Western Delta University is located in Oghara, Delta State, Nigeria. It was established in 2007 and is a private university. The National Universities Commission NUC, Nigeria has officially approved Western Delta University WDU.

Western Delta University was founded by a group of Urhobo Scholars under the auspices of the Urhobo Advancement Foundation (UAF) who saw the need for a privately financed university in the wetlands of Delta State, Nigeria. Since its establishment in 2007, WDU has offered access to a wide range of academic opportunities.

Admission 
Western Delta University admits students via JAMB UTME and Direct Entry into various courses. Requirements for admission into Western Delta University are GCE O/Level, SSCE, NECO or NABTEB credit level passes in at least five (5) subjects including English Language, Mathematics, and one relevant science or social science subject obtained at not more than two (2) sittings.
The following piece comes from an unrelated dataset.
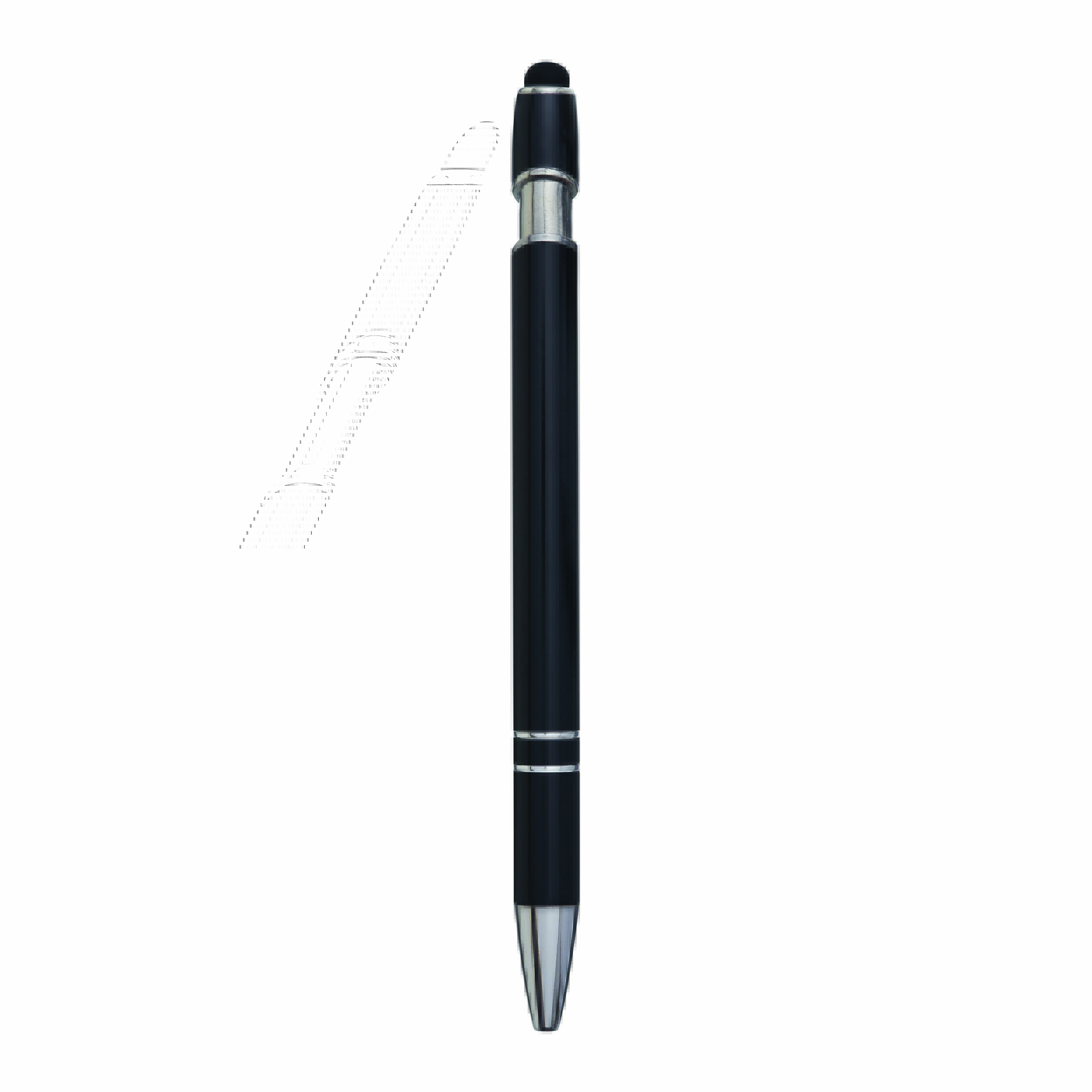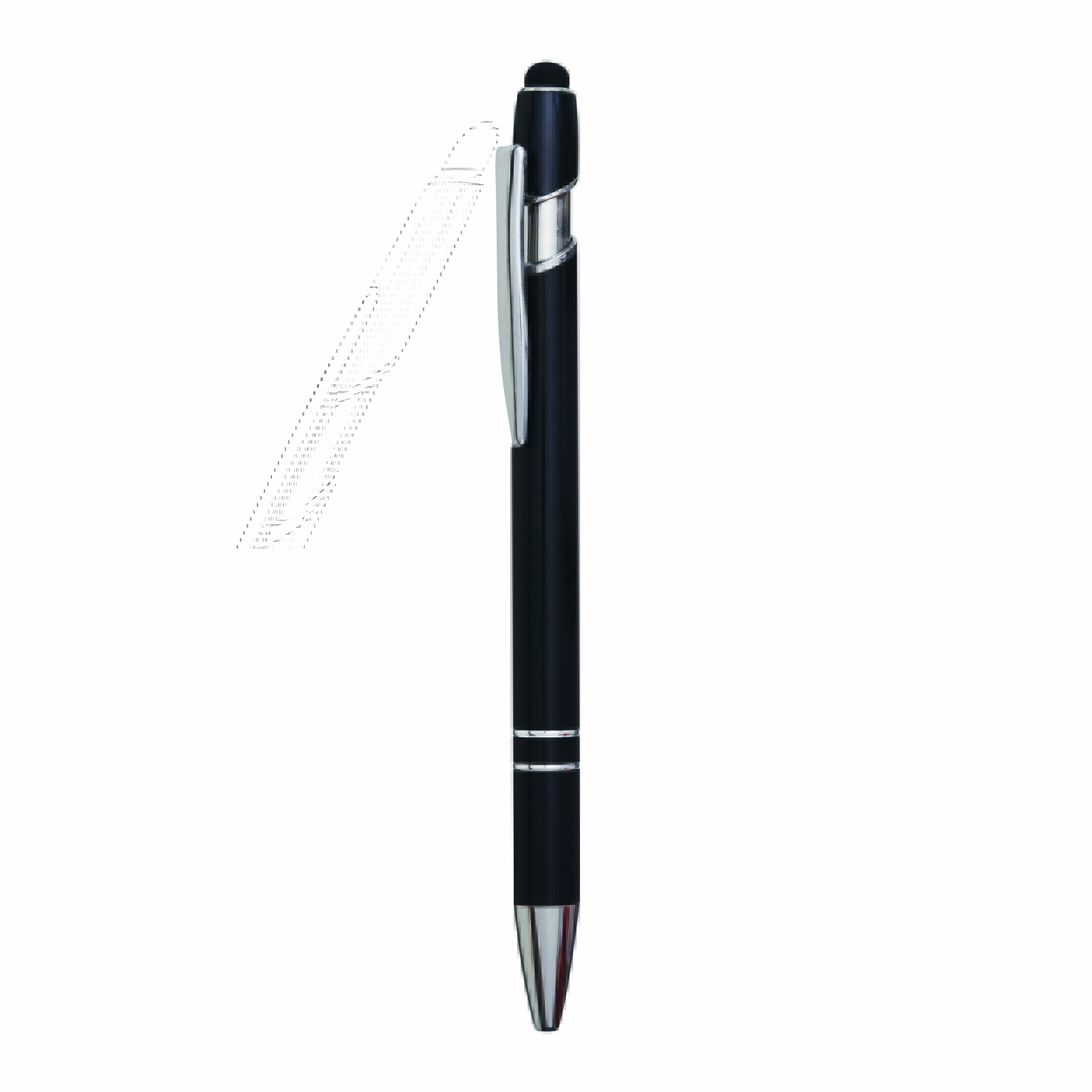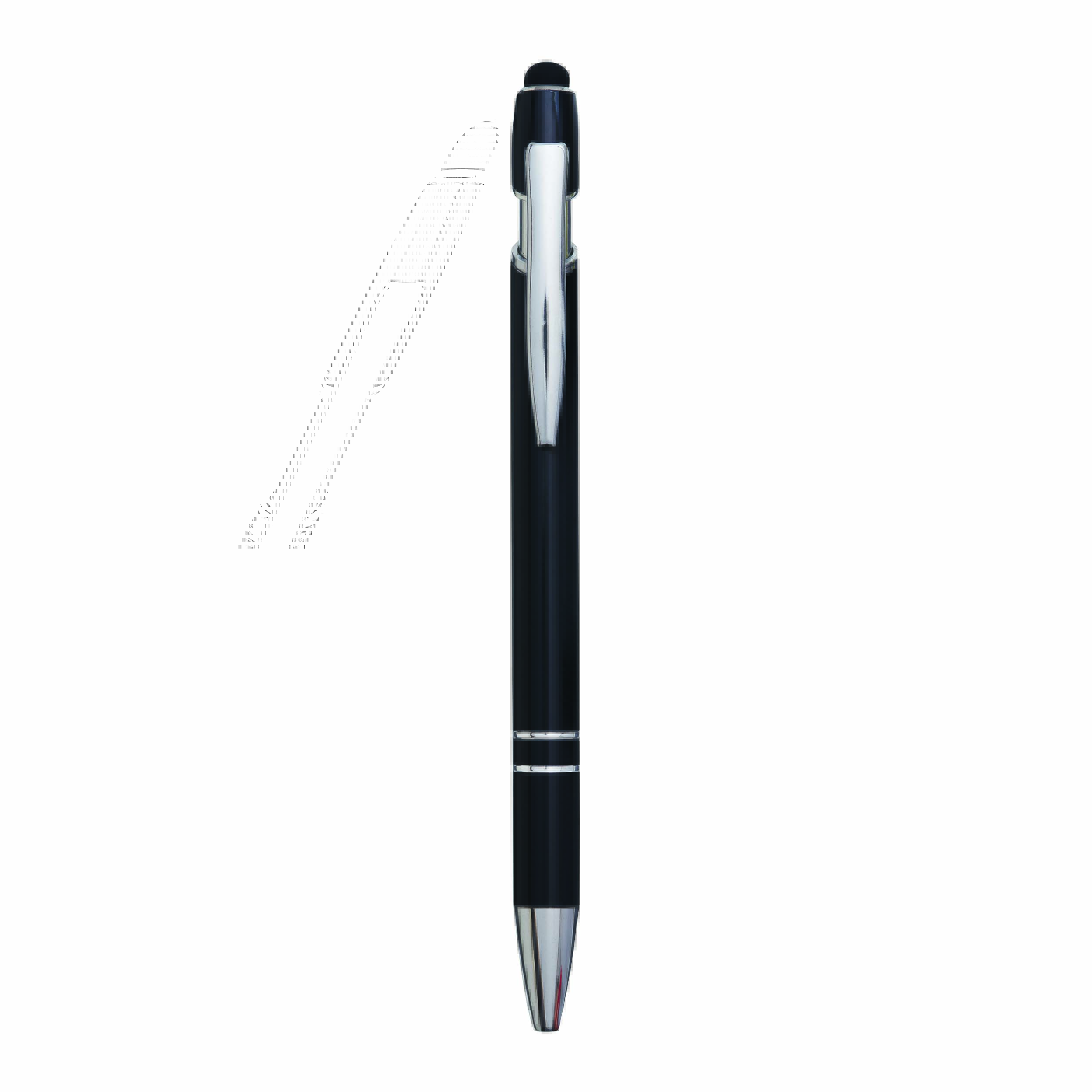 Aluminiowy długopis MERCHANT: z błyszczącą metalową obudową, mechanizmem na przycisk, gumowaną końcówką do ekranów dotykowych, niebieskim wkładem.

Direct Entry candidates are expected to possess a good Diploma (with minimum of lower credit), NCE (with minimum of merit) from recognized institutions OR 2 Advanced Level GCE passes in relevant subjects.

Administration

Faculties 
The School has four Faculties which are:

 College of Natural & Applied Sciences 
 College of Social & Management Sciences.
 College of Applied Health Sciences
 College of Law

Departments 
The following are the courses currently offered by the School:

Biochemistry,

Microbiology and Biotechnology,

Basic And Industrial Chemistry,

Mathematics & Computer Science,

Computer Science,

Pure and Industrial Mathematics,

Physics and Energy Studies,

Physics & Electronics,

Geology & Petroleum Studies,

Accounting,

Economics,

Hotel and Tourism Management,

Business Administration,

Mass Communication,

Political Science and Public Administration and

Sociology,

Plant Science and Micro Biology,

International Relations.

Medical Laboratory Science

Nursing Science

Law

Library 
The library's main objectives are to provide essential resources and services that will enhance the university's principal curricula for education, research, and learning.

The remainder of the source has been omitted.